3. The LED display driver chip according to claim 1, wherein the PAM and PWM adjustment unit in the digital unit is connected to the DAC small current precision circuit unit in the analog unit.

4. A light-emitting diode (LED) display driver chip, comprising an analog unit and a digital unit, wherein the analog unit comprises a current reference unit, a constant current output array unit, and a Digital to Analog Converter (DAC) small current precision circuit unit configured to generate a DAC small current and complete precise replication of the DAC small current,wherein the digital unit comprises an image parameter writing unit, a static random access memory (SRAM) unit, a configurable register unit, and a pulse amplitude modulation (PAM) and pulse width modulation (PWM) adjustment unit configured to perform PAM and PWM adjustment,wherein the PAM and PWM adjustment unit in the digital unit is connected to the analog unit,wherein an output reference current of the current reference unit is outputted from the constant current output array unit through the DAC small current precision circuit unit in the analog unit,wherein an external signal is respectively inputted into the configurable register unit and the image parameter writing unit in the digital unit, the configurable register unit sends data to the PAM and PWM adjustment unit, and the image parameter writing unit sends data to the PAM and PWM adjustment unit through the SRAM unit, andwherein the PAM and PWM adjustment unit comprises a digital conversion module, a status registering module, an output current adjustment module, and several switches; a clock (CLK) signal is connected to the digital conversion module; an instruction signal is connected to the status registering module, for controlling a preset status register to realize different functions, and the status registering module is further connected to the digital conversion module; and a PAM signal outputted by the digital conversion module is connected to the output current adjustment module, and a PWM signal outputted by the digital conversion module is connected to the several switches.

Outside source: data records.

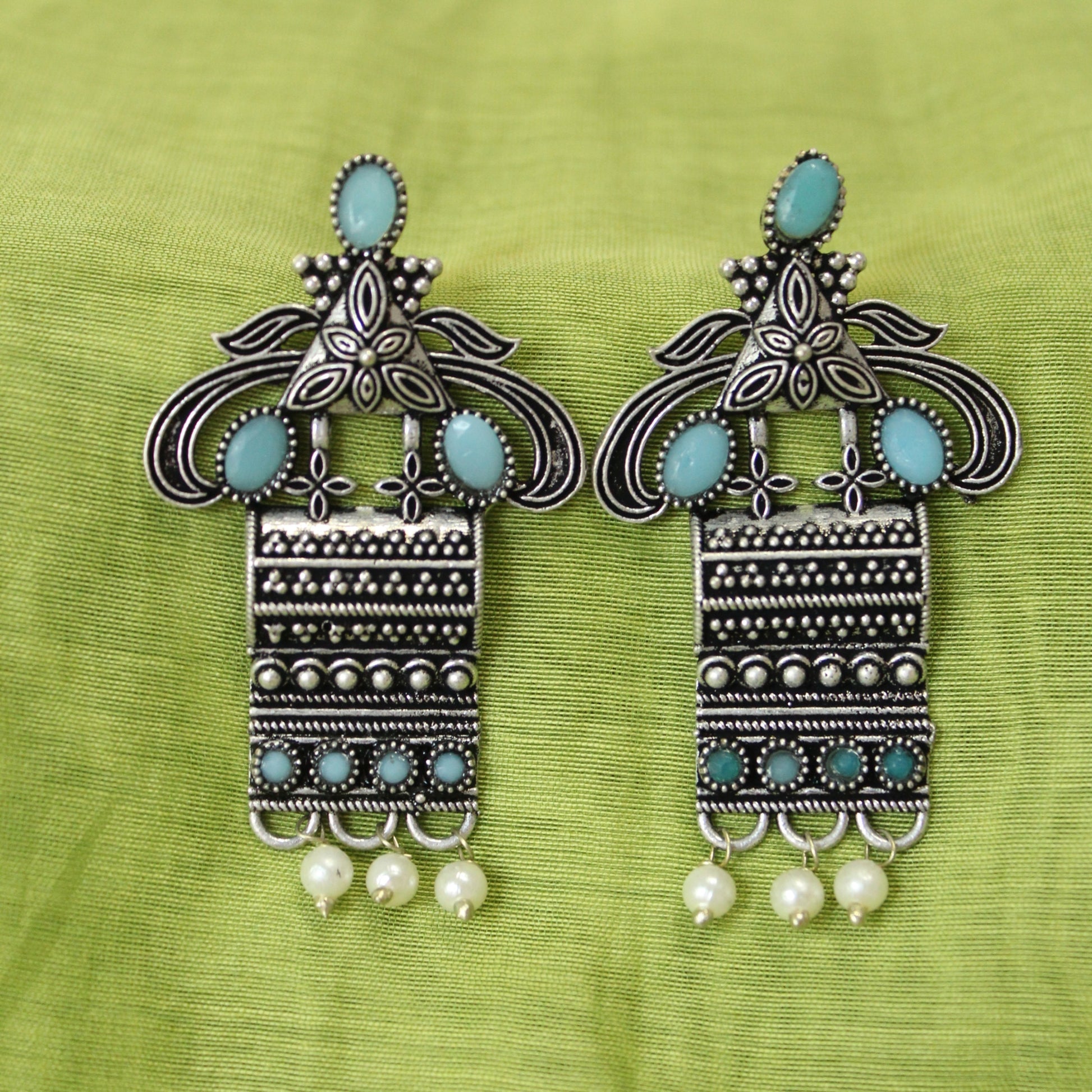 Oxidized silver-toned earrings with a unique, elongated shape. Features teal-colored stones, intricate detailing, and small pearl accents. These earrings offer a tribal-inspired, bohemian look. Pushback closure.
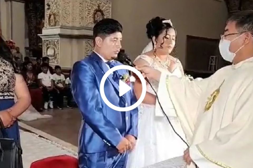 No obstante, los intentos del religioso tuvieron éxito. El prometido, luego de varios minutos, señaló que sí deseaba casarse con su pareja y dijo que estaba ahí por voluntad propia.
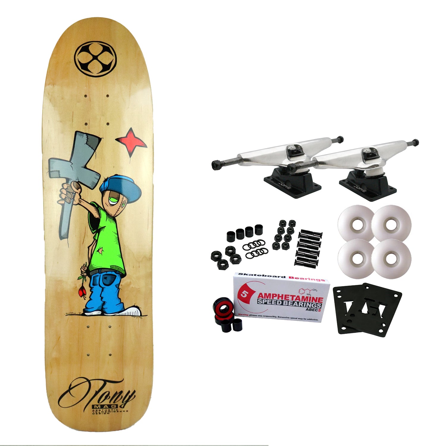 H-Street Skateboards are made with 7-Ply North American Maple. Measures 8.0" x 32". Comes with Core trucks, 58mm 97A wheels, Amp abec 5 bearings, Black Diamond Griptape, risers, and hardware. Core trucks are light weight and feature heavy duty aluminum with grade 8 steel kingpins and axles, as well as USA made bushings and pivot cups. 58mm 97A are the perfect wheels for both street and park skating. Like the name states, Amp bearings are stimulants for your wheels! Light synthetic oil, Delrin Crowns, and Rubber Serviceable Shields are a few of the things that makes these bearings one of the best Abec 5 rated bearings on the market. Arrives un-assembled which allows for customization and a feeling of accomplishment. Skaters love building their boards! Easy to assemble!

5. The LED display driver chip according to claim 4, wherein a quantity of bit widths controlled by the PWM signal is greater than a quantity of bit widths controlled by the PAM signal.

6. A light-emitting diode (LED) display driving method, comprising: generating a reference current, by a current reference unit of an analog unit;regulating the reference current, by a Digital to Analog Converter (DAC) small current precision circuit unit, to generate a DAC small current;modulating the DAC small current, by a pulse amplitude modulation (PAM) and pulse width modulation (PWM) adjustment unit of a digital unit, and outputting the DAC small current to a constant current output array unit to form a drive current and achieve multi-channel signal output; andcontrolling, by a DAC small current precision module of the DAC small current precision circuit unit, a gate voltage of a N-channel Metal-Oxide-Semiconductor (NMOS) transistor by using a switch, and selecting, by determining the gate voltage, to increase a number of NMOS being switched to control a current value and a voltage value flowing through the NMOS transistor.

7. The LED display driving method according to claim 6, comprising: setting a quantity of NMOS transistors to generate a current gradient and control a current multiple.

8. The LED display driving method according to claim 7, comprising: adjusting a width/length (W/L) ratio of the NMOS transistor in a case of ensuring that the current value is unchanged, and increasing an area of a first NMOS transistor to ensure normal operation in a small current.

9. The LED display driving method according to claim 6, wherein PAM of the PAM and PWM adjustment unit is to perform control by using a current amplitude unit and perform synthesis according to a value of a digital signal, to obtain an output reference current; and PWM of the PAM and PWM adjustment unit is to adjust a corresponding signal pulse width through a clock (CLK) and adjust different pulse widths according to a value of a digital signal.

10. The LED display driving method according to claim 6, wherein input data comprises feature data and image data, the feature data is inputted into a configurable register unit, and the image data is inputted into a static random access memory (SRAM) unit through an image parameter writing unit.